**Exercise details**
Begin at the line that contains "По ассистам на" and reproduce it along with every line after it to the end of the listing; skip any pictures.

**Provided material**
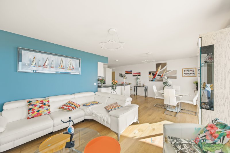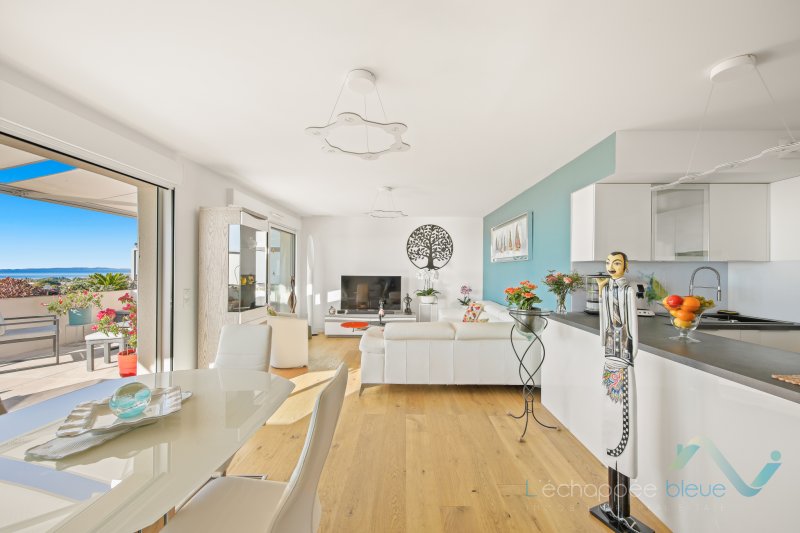Un appartement de standing de 75 m2 dans résidence de 2018, situé au 3ème et dernier étage d'un immeuble face à la mer avec terrasse et vendu avec un box fermé ainsi qu'une place de parking- un havre de lumière et de confort Au dernier étage d'une résidence contemporaine de 2018, un appartement d'exception s'ouvre à vous comme une parenthèse enchantée. Niché au 3eétage, il surplombe les flots azurés, offrant à ses occupants un panorama à couper le souffle : la mer scintillante et, au loin, les îles d'Hyères comme un mirage paisible. Dès l'entrée, le ton est donné. L'espace de 75 m2 s'ouvre avec fluidité : une cuisine moderne, discrètement intégrée, se fond dans un vaste séjour baigné de lumière. Les larges baies vitrées laissent entrer le soleil du Sud, jouant sur les volumes avec élégance et chaleur. La salle à manger et le salon forment un espace de vie harmonieux, conçu pour le confort autant que pour la contemplation. Côté nuit, deux chambres aux lignes épurées vous accueillent, chacune dotée de rangements astucieusement intégrés. Une salle de douche à l'allure contemporaine, des toilettes séparées avec lave-mains et branchement pour lave-linge, ainsi qu'un placard à balais viennent parfaire l'ensemble, dans une logique de fonctionnalité discrète. Le confort est total, avec une climatisation réversible gainée diffusant une fraîcheur douce ou une chaleur enveloppante selon les saisons. À l'extérieur, la magie continue : une large terrasse prolonge l'espace de vie. Orientée plein sud, elle est protégée à l'est et à l'ouest par des vitres teintées, préservant l'intimité tout en laissant intacte la vue majestueuse. Deux stores bannes électriques permettent d'apprivoiser le soleil, pour des moments de détente à toute heure. L'appartement est vendu avec un box fermé, véritable cocon pour votre véhicule, ainsi qu'une place de stationnement pour vos invités. Un bien rare, aux prestations haut de gamme, où luxe discret rime avec art de vivre. Les informations sur les risques auxquels ce bien est exposé sont disponibles sur le site Géorisques https://www.georisques.gouv.fr
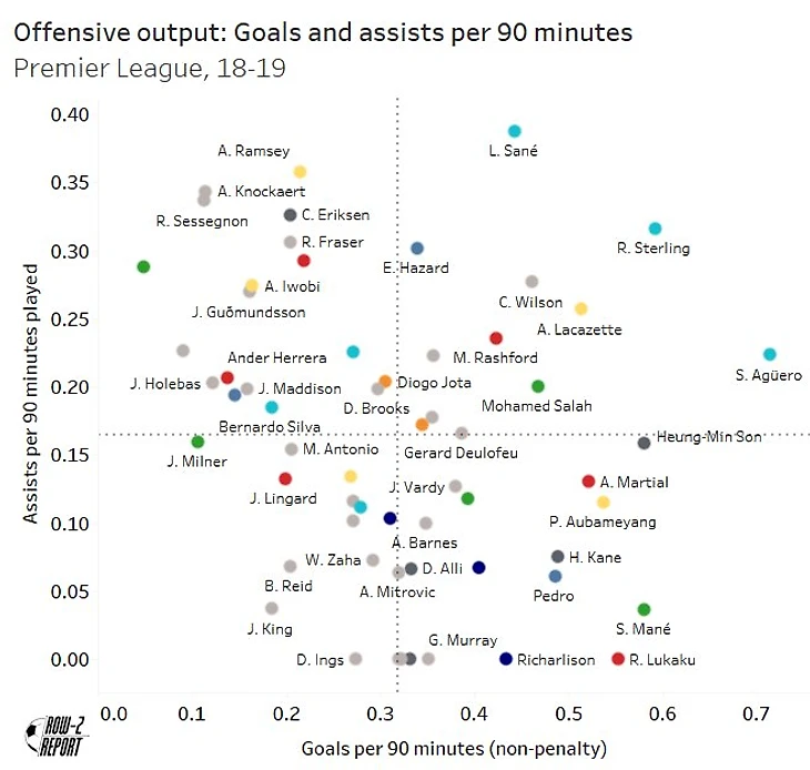 По ассистам на 90 минут отлично выглядит Рэмзи, чуть хуже Стерлинга.
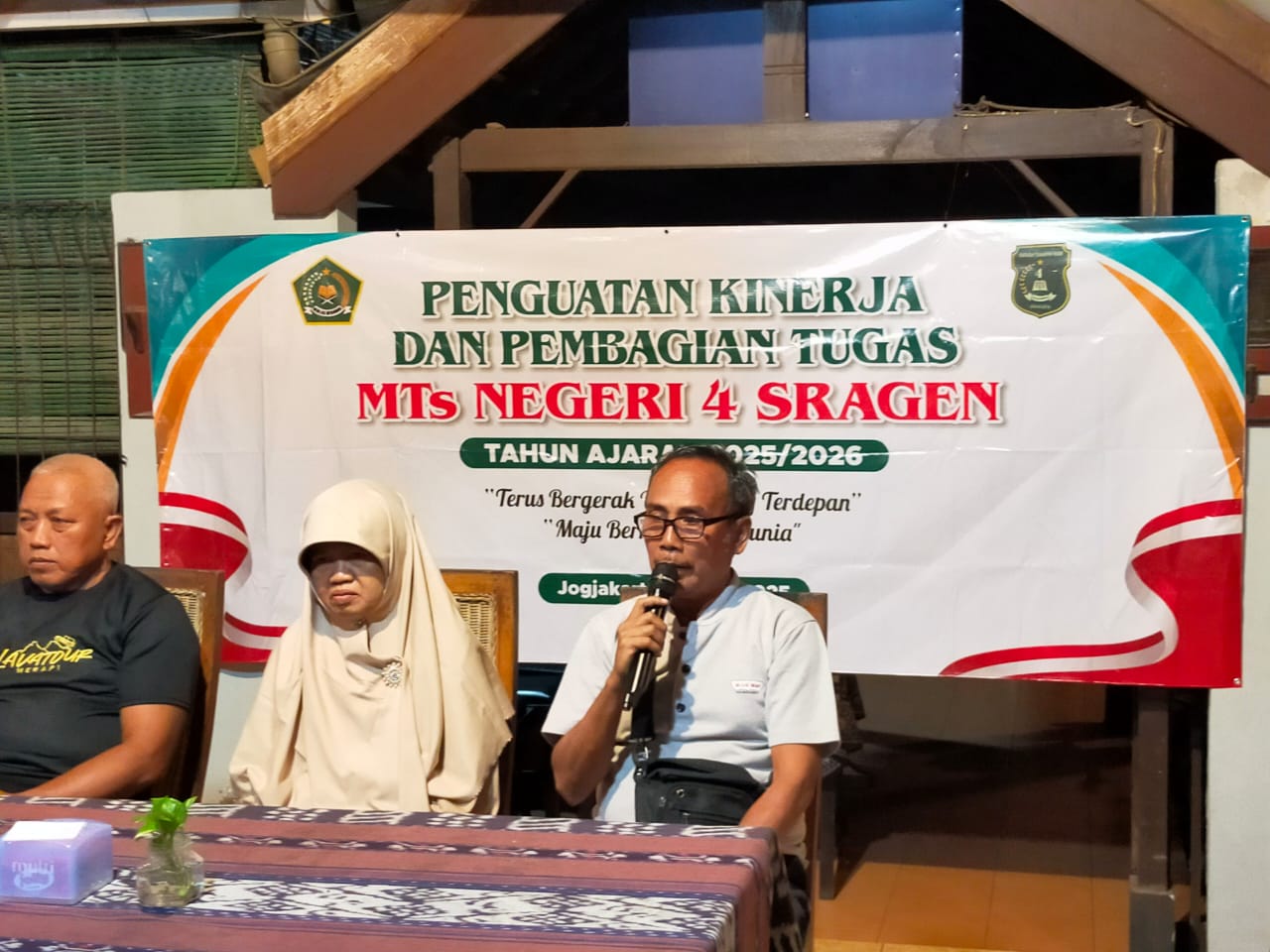 Kegiatan diawali oleh arahan Kepala MTsN 4 Sragen, Sardi, yang menyampaikan terkait dengan tujuan dan sasaran yang ingin dicapai pada tahun pelajaran 2025/2026. Sardi megingatkan pentingnya memupuk kerja sama yang kompak dan membangun komunikasi efektif di lingkungan guru dan pegawai agar tujuan bersama dapat dicapai dengan sukses.

**Reply**
 По ассистам на 90 минут отлично выглядит Рэмзи, чуть хуже Стерлинга.
 Kegiatan diawali oleh arahan Kepala MTsN 4 Sragen, Sardi, yang menyampaikan terkait dengan tujuan dan sasaran yang ingin dicapai pada tahun pelajaran 2025/2026. Sardi megingatkan pentingnya memupuk kerja sama yang kompak dan membangun komunikasi efektif di lingkungan guru dan pegawai agar tujuan bersama dapat dicapai dengan sukses.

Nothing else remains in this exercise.